— Your task —
Below are records with pictures; copy word for word only the lines between the line with "bolsas basura glad" and the line with "This time, we", inclusive, and drop the pictures.

— Input material —
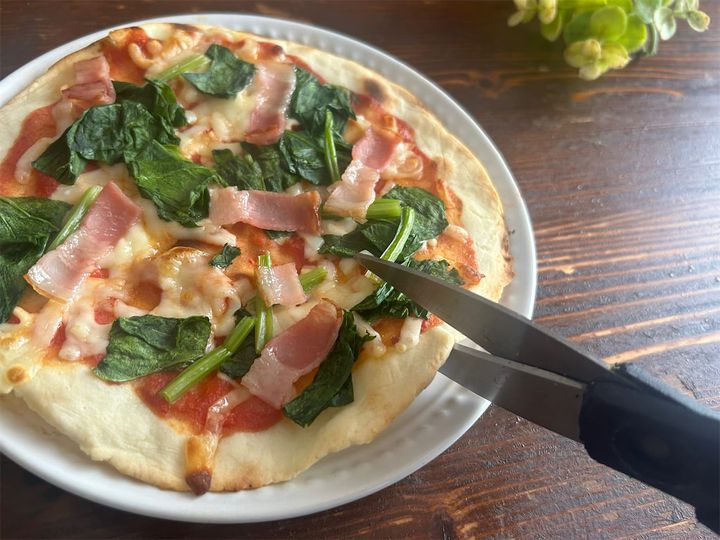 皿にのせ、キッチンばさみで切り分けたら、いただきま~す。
* * *
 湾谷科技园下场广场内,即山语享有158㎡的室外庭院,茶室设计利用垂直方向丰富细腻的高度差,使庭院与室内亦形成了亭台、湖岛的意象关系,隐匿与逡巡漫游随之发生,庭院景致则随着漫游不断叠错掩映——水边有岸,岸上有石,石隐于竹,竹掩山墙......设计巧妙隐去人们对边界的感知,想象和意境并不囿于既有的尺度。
---
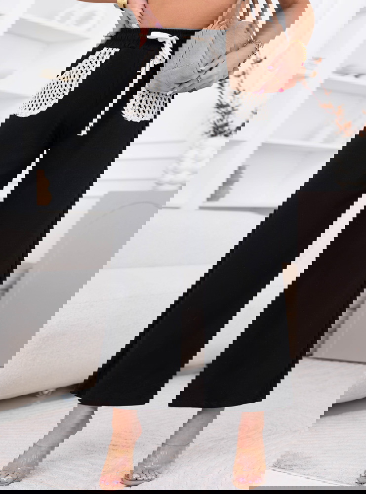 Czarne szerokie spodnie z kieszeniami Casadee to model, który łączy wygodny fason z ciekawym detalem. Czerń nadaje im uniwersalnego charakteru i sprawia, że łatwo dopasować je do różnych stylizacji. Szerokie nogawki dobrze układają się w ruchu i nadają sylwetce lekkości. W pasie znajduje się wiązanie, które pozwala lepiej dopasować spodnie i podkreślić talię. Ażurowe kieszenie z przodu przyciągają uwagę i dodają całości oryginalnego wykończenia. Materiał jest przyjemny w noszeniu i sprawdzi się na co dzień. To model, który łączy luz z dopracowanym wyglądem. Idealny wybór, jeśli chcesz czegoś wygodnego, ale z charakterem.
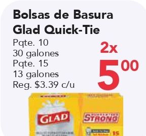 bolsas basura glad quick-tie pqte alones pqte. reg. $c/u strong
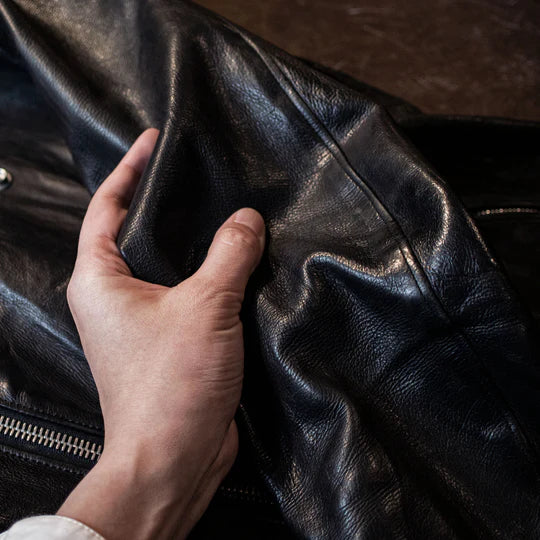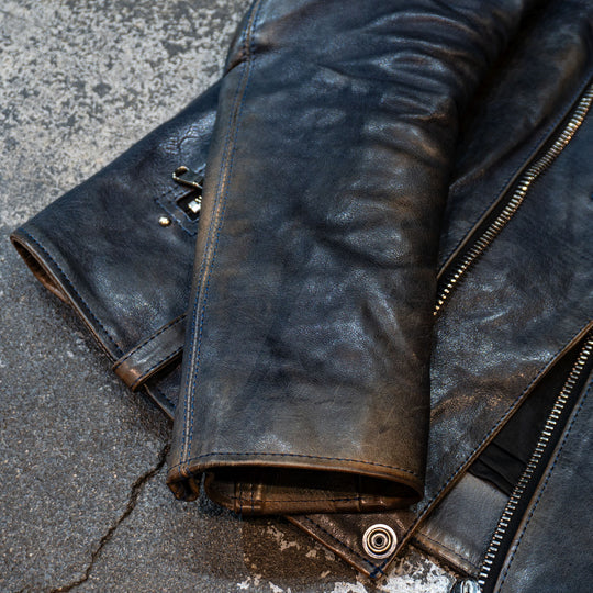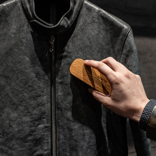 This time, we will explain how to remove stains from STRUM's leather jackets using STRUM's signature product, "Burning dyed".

— Solution to this task —
 bolsas basura glad quick-tie pqte alones pqte. reg. $c/u strong
 This time, we will explain how to remove stains from STRUM's leather jackets using STRUM's signature product, "Burning dyed".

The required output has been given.